# Records supplied
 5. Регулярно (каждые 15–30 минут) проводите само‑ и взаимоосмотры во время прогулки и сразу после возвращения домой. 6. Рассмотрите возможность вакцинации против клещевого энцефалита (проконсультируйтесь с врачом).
* * *
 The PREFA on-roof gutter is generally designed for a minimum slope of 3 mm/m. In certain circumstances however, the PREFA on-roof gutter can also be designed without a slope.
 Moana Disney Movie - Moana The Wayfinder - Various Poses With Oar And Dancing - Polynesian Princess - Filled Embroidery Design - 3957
...
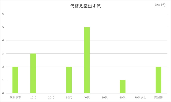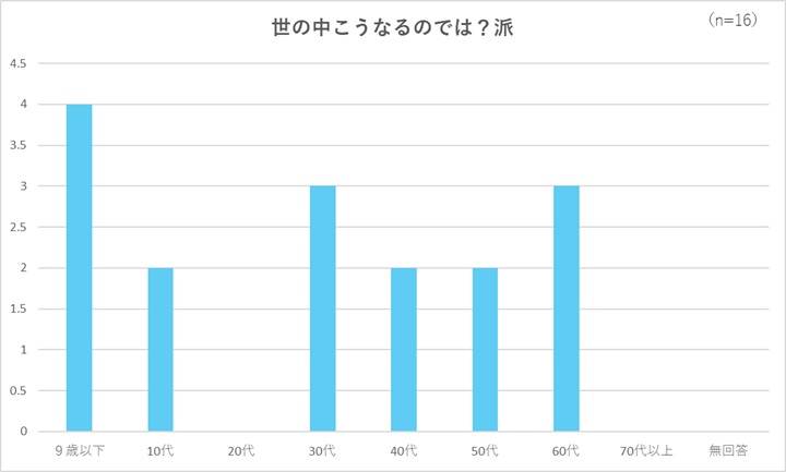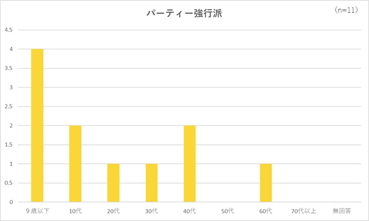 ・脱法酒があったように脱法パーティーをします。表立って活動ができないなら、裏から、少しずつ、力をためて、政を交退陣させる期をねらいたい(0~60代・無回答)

# Description of the task
Give back the records above exactly, limited to the lines between the one holding "The PREFA on-roof gutter is" and the one holding "Moana Disney Movie", inclusive.

# Your response
 The PREFA on-roof gutter is generally designed for a minimum slope of 3 mm/m. In certain circumstances however, the PREFA on-roof gutter can also be designed without a slope.
 Moana Disney Movie - Moana The Wayfinder - Various Poses With Oar And Dancing - Polynesian Princess - Filled Embroidery Design - 3957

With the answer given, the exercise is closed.